Tuesday, May 12, 2015

The Battle of the Seelow Heights

I had read this good book about the Battle of Berlin, so I wanted to come here. About 70 years and 3 weeks ago, the Red Army crossed the River Oder near the town of Frankfurt (the small town Frankfurt near Berlin, not the big-city Frankfurt down south) on their way to take Berlin, and days of bitter fighting (click here) ensued.

Today I took the train from Berlin to Frankfurt an der Oder. Until WWII it was just a town in the middle of northeastern Germany, nowhere near any foreign country. Today, you can walk across the downtown bridge into Poland. It only takes an hour to get there from Berlin, and costs €20 round trip. 
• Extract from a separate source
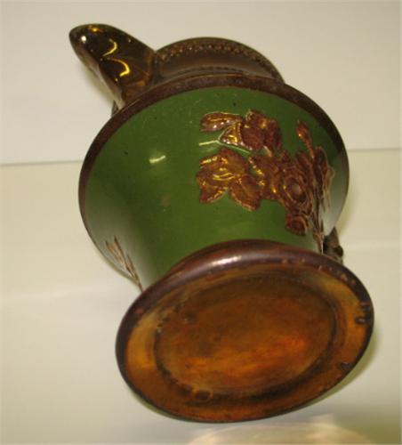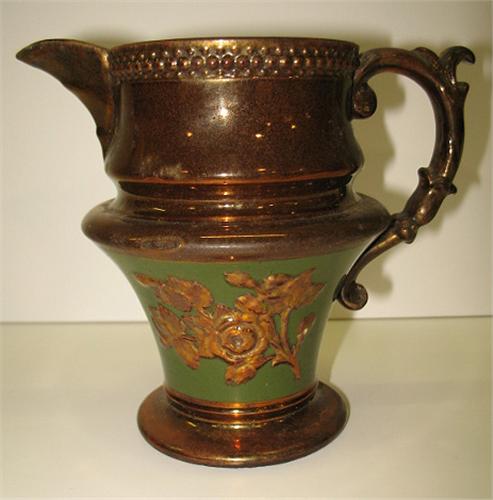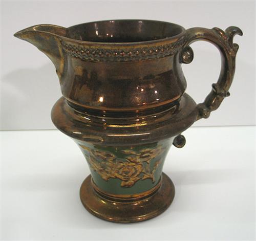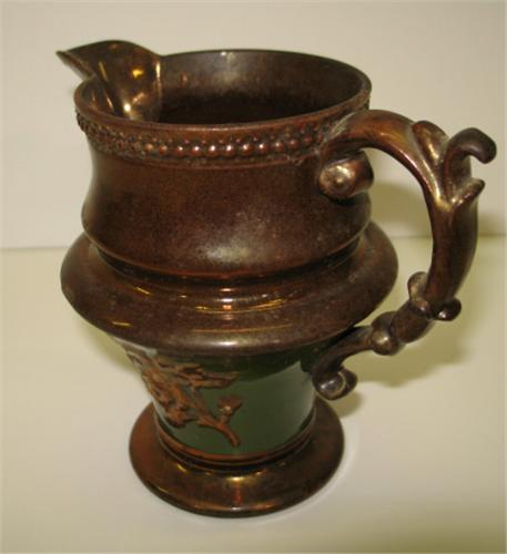 COPPER LUSTER CREAMER. Relief floral decorated around body with green background. Shops loss to luster. 5.75" H

In Frankfurt I boarded the bus to Seelow village to the north, then walked about a mile to the Seelow Heights battle museum. It's surrounded by military graveyards, and was established by the post-war Soviet occupiers as a memorial to the "Red Army's glorious liberation of Germany from fascist Nazism." Now it has morphed into a plain old battle museum, but the tanks, guns, and rocket launchers displayed outside are Red Army ones.
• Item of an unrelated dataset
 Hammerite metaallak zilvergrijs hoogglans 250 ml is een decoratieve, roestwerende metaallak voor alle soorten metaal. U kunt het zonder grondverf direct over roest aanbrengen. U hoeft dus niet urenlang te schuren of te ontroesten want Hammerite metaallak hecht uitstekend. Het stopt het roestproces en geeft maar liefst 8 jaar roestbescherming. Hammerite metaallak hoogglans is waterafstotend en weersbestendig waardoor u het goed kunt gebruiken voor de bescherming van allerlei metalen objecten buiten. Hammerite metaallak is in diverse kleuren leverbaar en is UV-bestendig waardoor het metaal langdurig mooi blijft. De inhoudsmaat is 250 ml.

I ran into a snaggle-toothed old Russian guy from Leningrad -- um, that is, from "Zankt Pyetyerboork," outside among the weaponry, and we chatted in Russian and German. We took pictures of one another with one another's cameras (his camera had roll film in it).

Since he was a snaggle-toothed old Russian I somehow had the goofy urge (which I fortunately resisted) to ask him if he had fought in the battle. It turned out he was the exact same age as me, which
means that both him and the snaggle-toothed American (me) were going-on-two years old and pooping their diapers on opposite sides of the world, as the desperate and agonizing three-day bloodbath took place.

There are organizations that are still digging up bodies in the woods all around this area, and trying to identify them and find their next-of-kin.